Quand les femmes découvrent l’instrument, toutes retiennent ces sons, après elles l’ont pris avec beaucoup de peur. L’esprit ayant disparu, l’esprit étant rentré dans son village natal qui est l’eau par ce que ne pouvant pas supporter la chaleur de la terre, il abandonna cet instrument et demeura dans son fleuve où les femmes étaient entrain de pêcher. C’est ainsi que la gent féminine à pris beaucoup d’importance à cet exercice en reprenant cet instrument avec beaucoup de grâce, de peur aussi, pour venir le montrer à nos hommes, nos époux dans le village et dire ce qu’elles ont vu. Compte tenu de ce qui s’est passé à la rivière, les femmes avaient du mal à s’expliquer, et préféraient alors répéter les sons sortis de l’instrument, et petit à petit, les hommes ont commencé à s’intéresser et à jouer du « ilung ». Mais lorsque la première femme a pris sur elle pour la première fois la décision de transmettre son savoir-faire sur le « ilung », à un homme, elle décède quelques jours après. Et on est allé de décès en décès, chaque fois qu’une personne maîtrisait l’art de jouer du « Ilung », lorsqu’il fallait passer à une autre personne son savoir-faire, il y avait mort d’homme au finish.
Fini de mystère alors?
Aujourd’hui en effet, il n’y a plus de mystère, quand je parle de la démystification du « ilung », c’est le terme que les grands frères chercheurs et initiés ont demandé d’utiliser.

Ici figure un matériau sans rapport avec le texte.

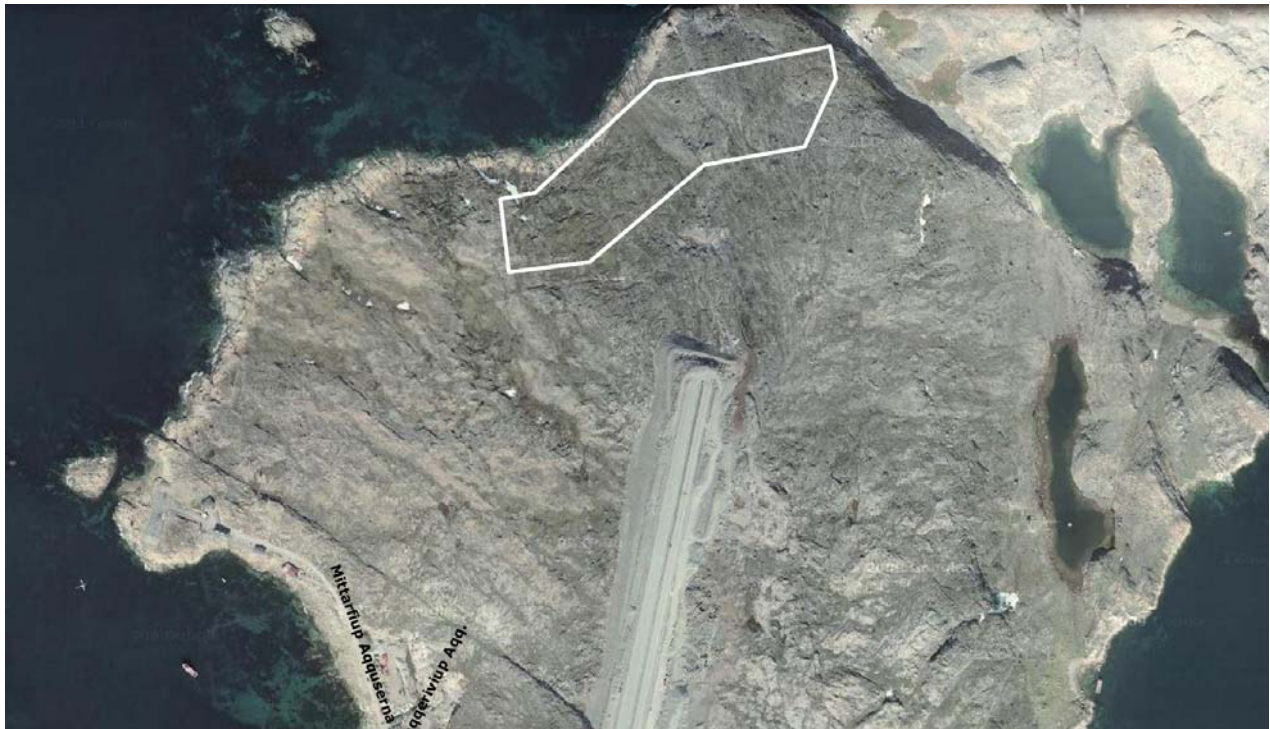
Imm. ilaa B6 | Delområde B6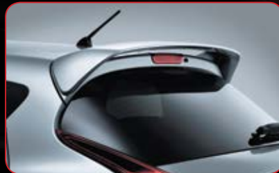
Rear Roof Spoiler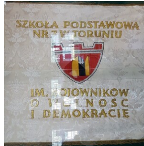
Poprzedni sztandar szkoły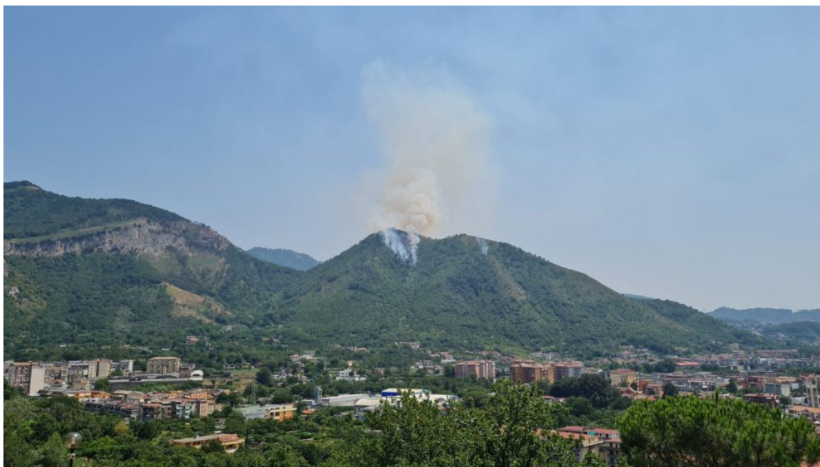
Incendio Monte Citola del 28 luglio 2021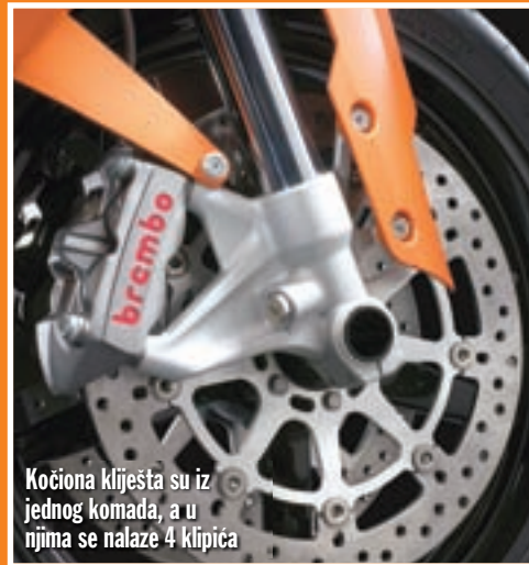
Kočiona kliješta su iz jednog komada, a u njima se nalaze 4 klipića

U duhu "Ready to race" KTM deklarira težinu sa svim tekućinama uključujući i gorivo ispod 200 kg, što je hvalevrijedan podatak. No, suhoparni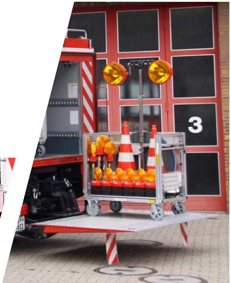
Rollcontainer mit Verkehrsleitsystem Roll-on containers with traffic control system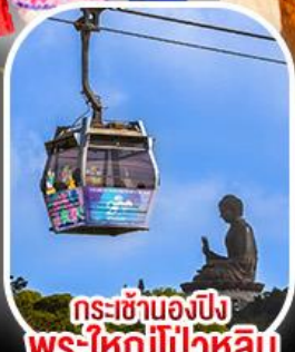
กระเช้าเองปีง พระใหญ่ไผ่หลิน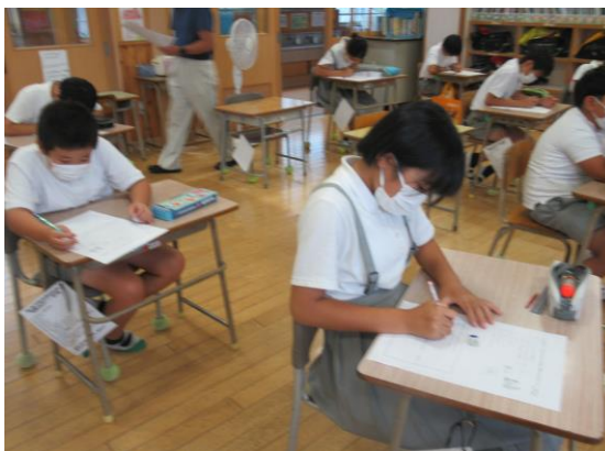
5年生 保健のテスト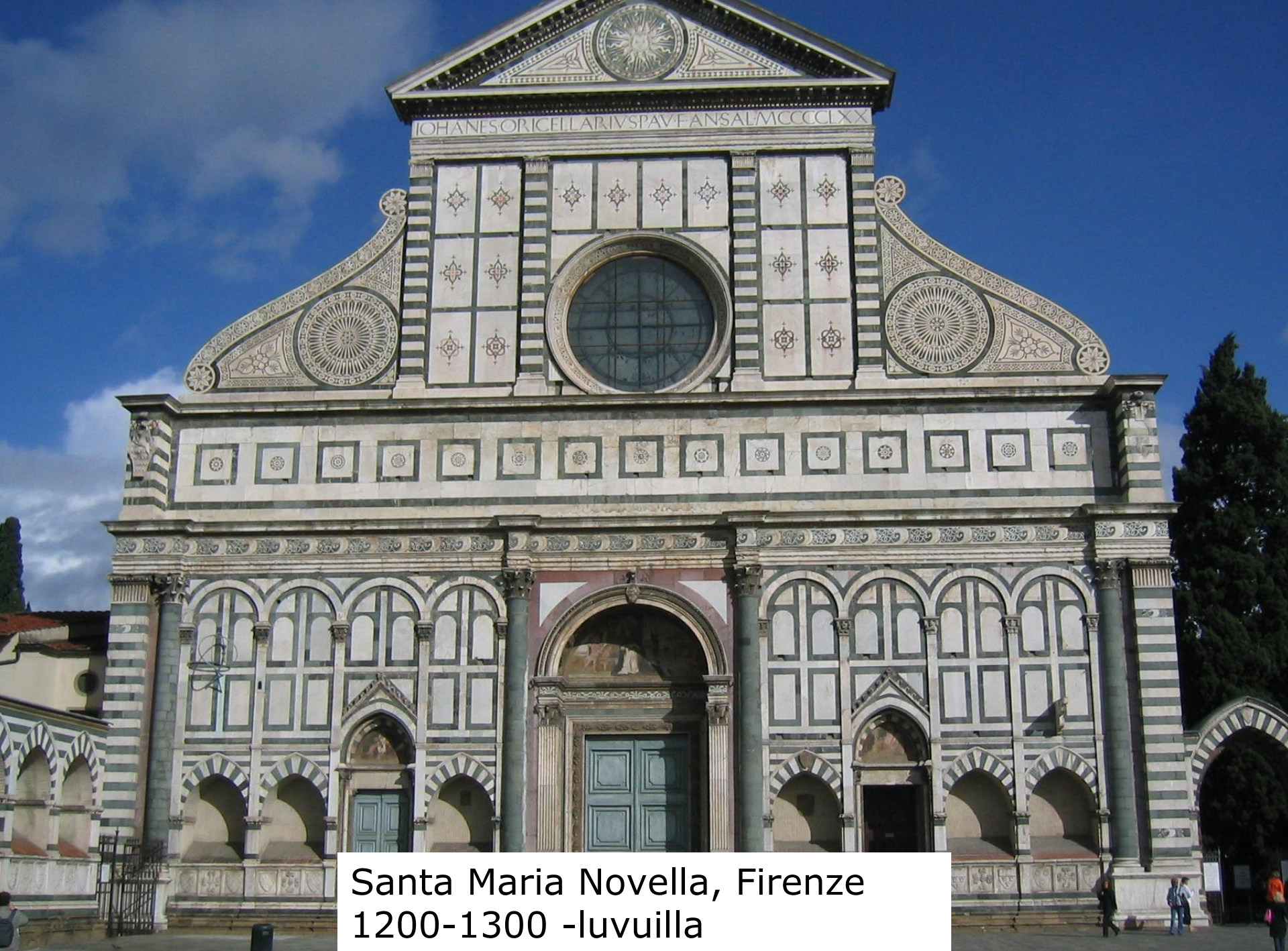
Santa Maria Novella, Firenze 1200-1300 -luvuilla

Cet instrument a été présenté lors du dernier Fespaco à Ouagadougou au Burkina-Faso, comment ça s’est passé?
Oh très bien, c’était un grand moment que de présenter cet instrument dans le cadre de ce grand festival qu’est le Fespaco, preuve qu’en dehors du cinéma, il y a aussi d’autres aspects de la culture que les organisateurs valorisent.